Элена, сидя напротив нее, за разделявшим их низким столиком, подняла голову и несколько секунд смотрела на Беатрис молча, словно пытаясь понять смысл услышанного.
— Простите, а вы…
— Меня зовут Альварадо, — сказала Беатрис, теперь уже спокойным тоном. — Я вам писала однажды — если вы помните…
— Да, — сказала Элена. — Да, я помню. Зачем вы пришли, сеньорита Альварадо?
— Зачем я пришла? — задумчиво повторила Беатрис. — Не знаю… Мне нужно было вас увидеть — не знаю почему. То есть нет, это неправда. Я знаю, почему мне нужно было вас видеть.
Она взяла стакан, отпила глоток и приложила холодное запотевшее стекло к щеке. Элена, не глядя на нее, машинально перекладывала на столике журналы. «Вог», «Атлантида», «Харперс». Беатрис следила за ее вздрагивающими руками, держа стакан у щеки.
— Сеньора, я любила вашего мужа, — сказала она спокойно и печально. — Вы понимаете, таких вещей не рассказывают… вот так, как я говорю вам. Если я пришла сюда… и говорю это сейчас… то только потому, что мне не за что стыдиться и муж ваш перед вами не виноват. Может быть, вы сомневались в этом, думая обо мне. Я — любила вашего мужа издали. Клянусь спасением души — между нами ничего не было. Наше знакомство началось и кончилось в течение тех суток, что я провела у вас на кинте. И попала я туда совершенно случайно. Просто так случилось…
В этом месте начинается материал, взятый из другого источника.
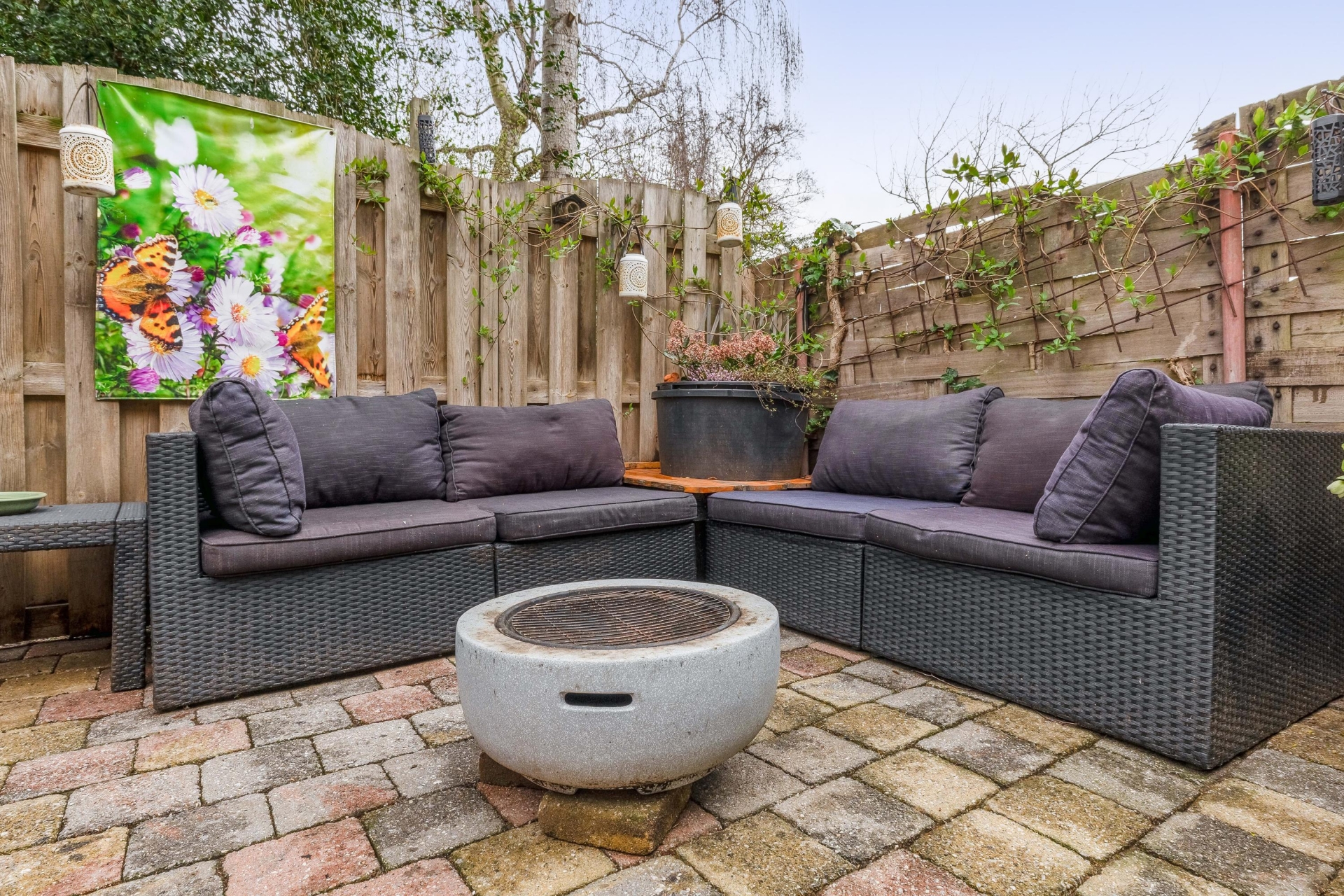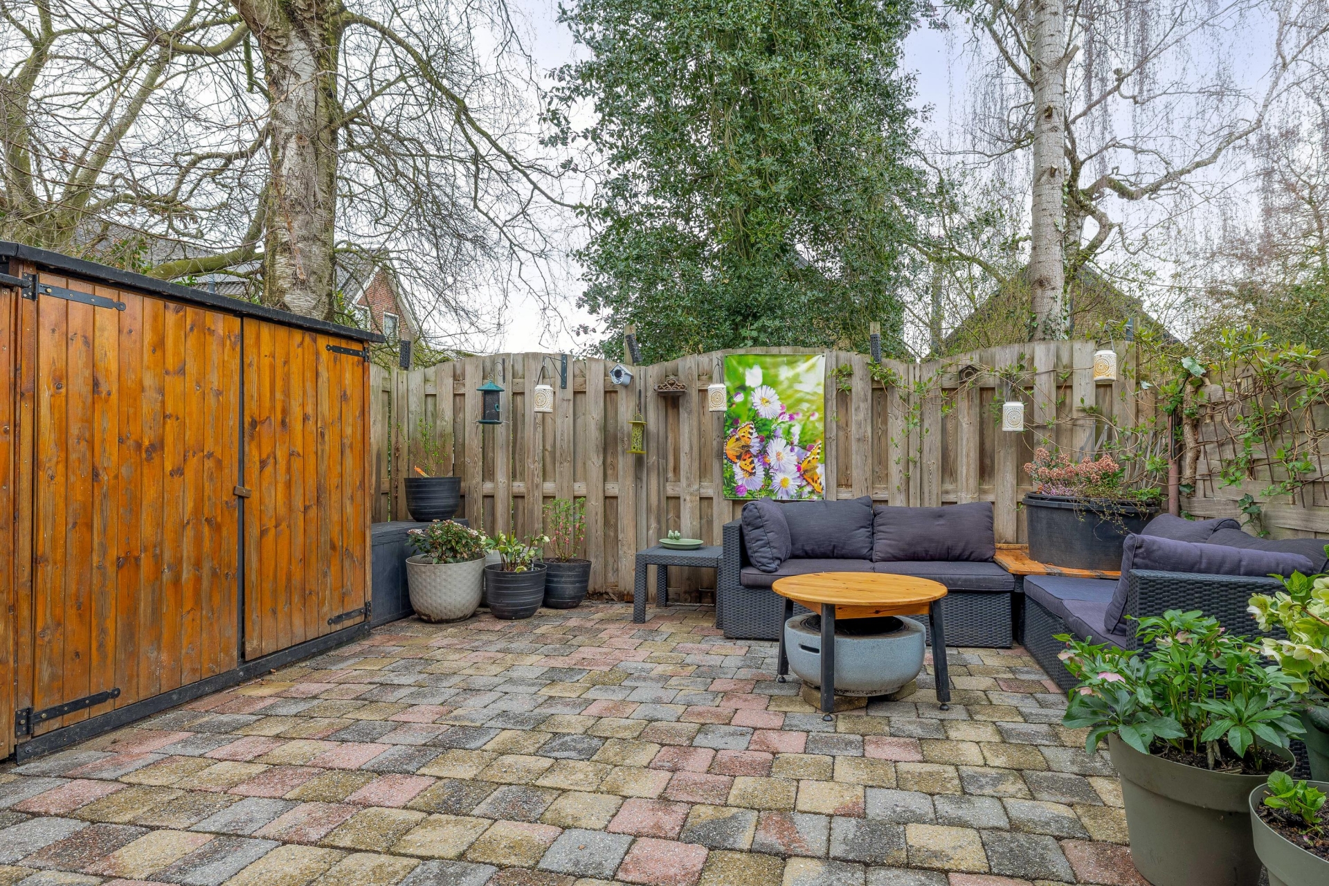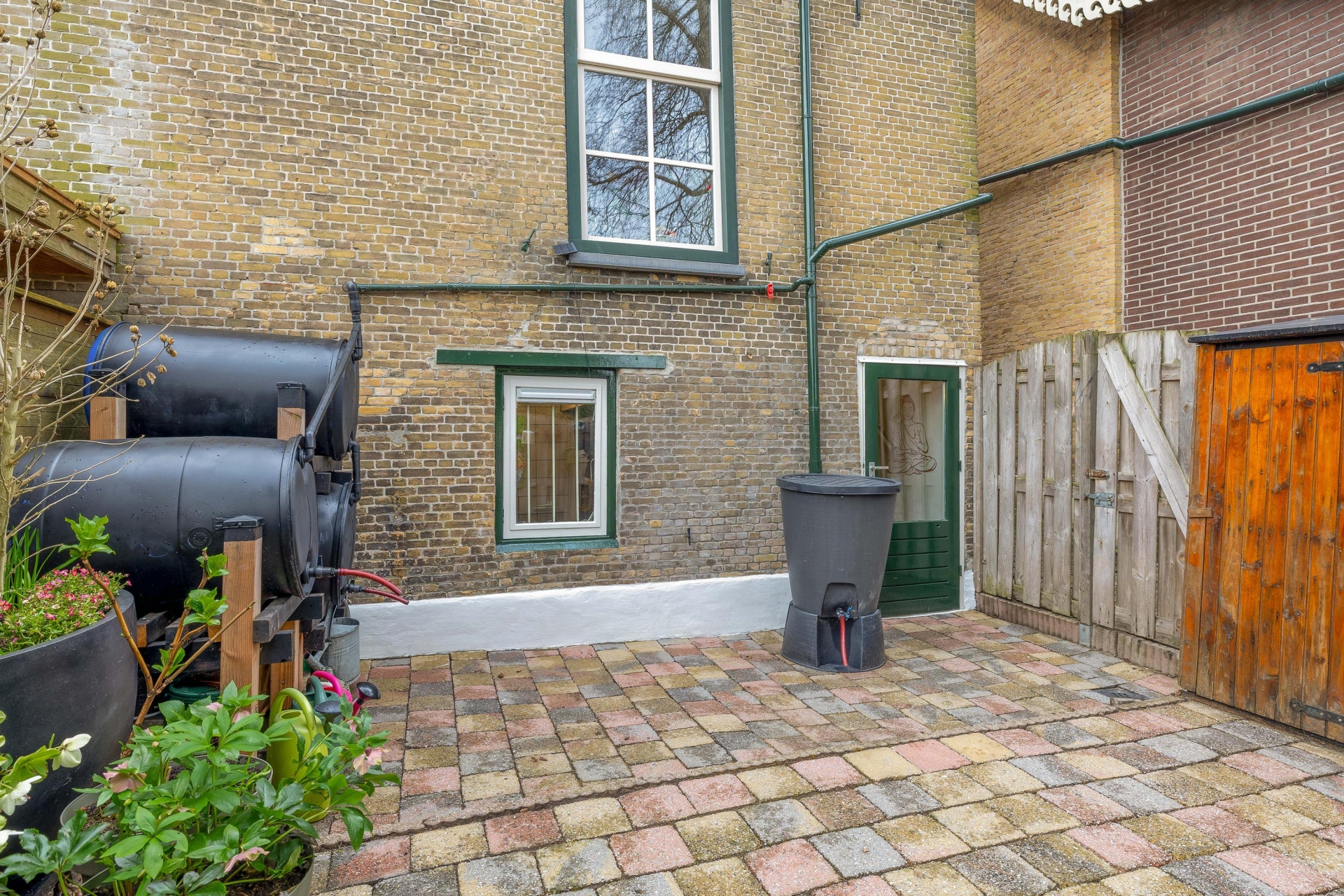 De tuin ligt beschut en biedt volop privacy. De bestrating maakt het onderhoudsvriendelijk, terwijl het groen en de omliggende beplanting zorgen voor een gezellige sfeer.
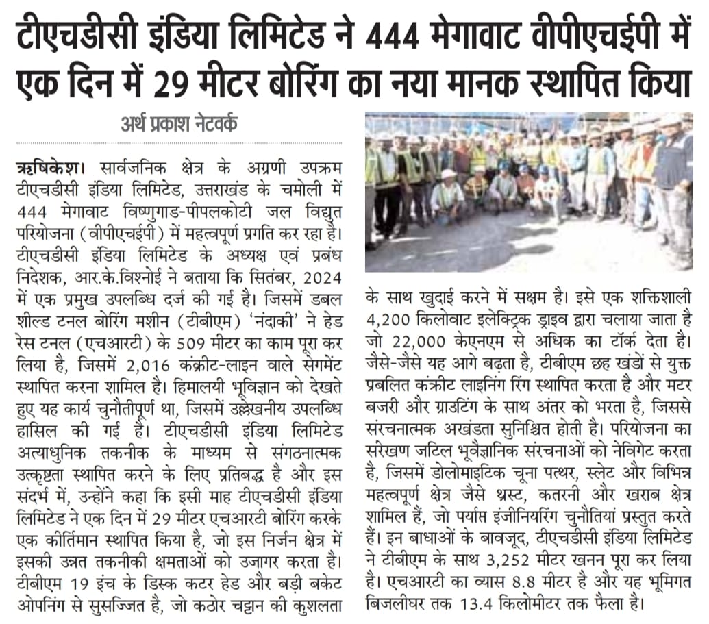 Rishikesh, 01.10.2024: THDC India Limited, a leading PSU, is making significant progress on the 444 MW Vishnugad-Pipalkoti Hydro Electric Project (VPHEP) in Chamoli, Uttarakhand. Sh. R. K. Vishnoi, CMD, THDCIL, informed that a major milestone was reached in September 2024 when the Double Shield Tunnel Boring Machine (TBM) "NANDAKI" completed 509 meters of the Head Race Tunnel (HRT), which involves installing 2,016 concrete-lined segments—a notable feat given the challenging Himalayan geology.
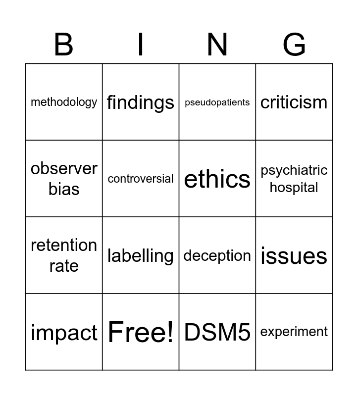 This bingo card has 29 words: validity, reliability, issues, socially sensitive research, methodology, pseudopatients, ethics, significance, Free!, MAOA Gene, DSM5, impact, observation, diagnosis, labelling, longitudinal, case study, experiment, observer bias, deception, researcher, confidentiality, retention rate, controversial, criticism, findings, agression, psychiatric hospital and internal validity.

Беатрис допила воду и поставила стакан. Элена посмотрела на нее, словно собираясь что-то спросить, но, ничего не сказав, снова опустила голову.
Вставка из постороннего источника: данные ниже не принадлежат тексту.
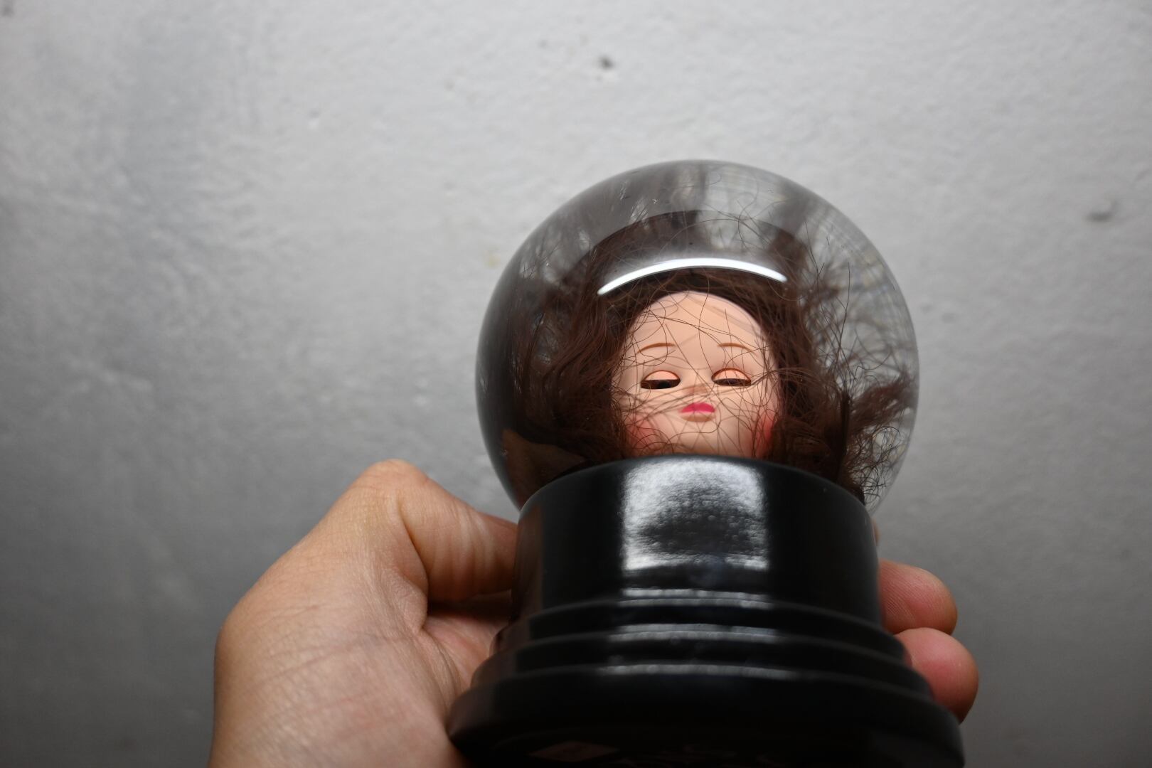 前後のストーリーを想像したくなるスノードーム作品を制作。
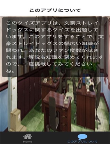 このクイズアプリは、文豪ストレイドッグスに関するクイズを出題しています。このアプリをすることで、文豪ストレイドッグスの幅広い知識が問われ、あなたのファン度数が試されます。解説も知識を深めてくれますので、一度挑戦してみてくださいね。
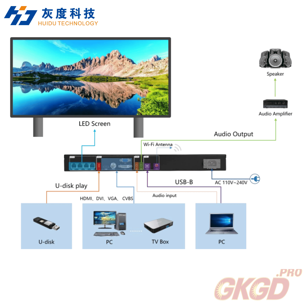 3). 5 kênh đầu vào video kỹ thuật số và tương tự, USB phát trực tiếp các tập tin video và hình ảnh;
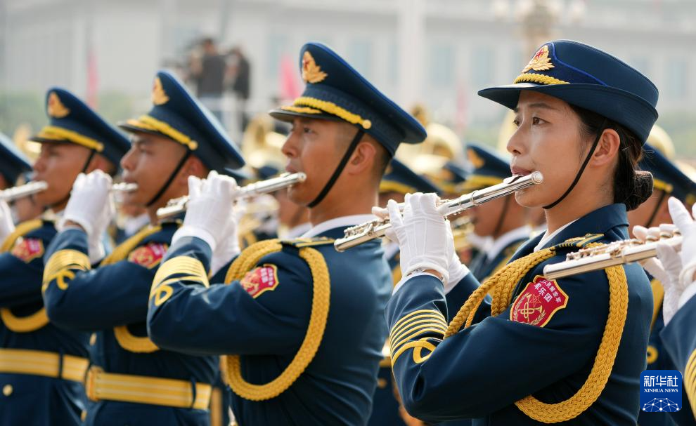 9月3日,紀念中國人民抗日戰爭暨世界反法西斯戰爭勝利80周年大會在北京隆重舉行。這是中國人民解放軍聯合軍樂團在演奏。
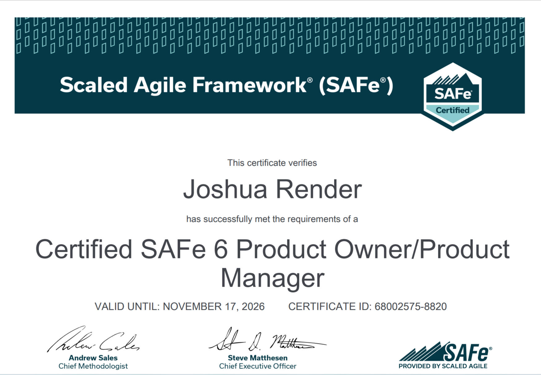 Certifications: PMP, PMI-ACP, ICP-ACC, CSM, A-CSM, CSPO, A-CSPO, SAFe POPM, PSM I & II, PSPO I, PAL I, SPS, CKC, Team Kanban Practitioner, ITIL v3, LSS Black Belt
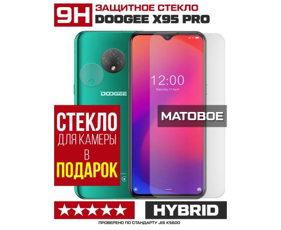 Стекло защитное гибридное МАТОВОЕ Krutoff для Doogee X95 Pro + защита камеры (2 шт.)

— Это странно выглядит со стороны, — продолжала Беатрис медленно, будто размышляя вслух, — но в этот короткий срок я полюбила вашего мужа… Полюбила так, что он стал для меня всем. И если между нами ничего не было, то это… — Она запнулась и договорила почти вызывающим тоном: — Это вовсе не благодаря моей скромности. Извините меня, сеньора. Такие вещи трудно говорить, но и слушать их тяжело, я понимаю. Вы, наверное, думаете, что я начиталась Достоевского, но я не любительница душевного эксгибиционизма. Сейчас я говорю все это вам просто потому, что… Ну, вы понимаете, нужно ведь рассказать об этом хоть кому-то! У меня нет матери, никогда не было настоящих подруг…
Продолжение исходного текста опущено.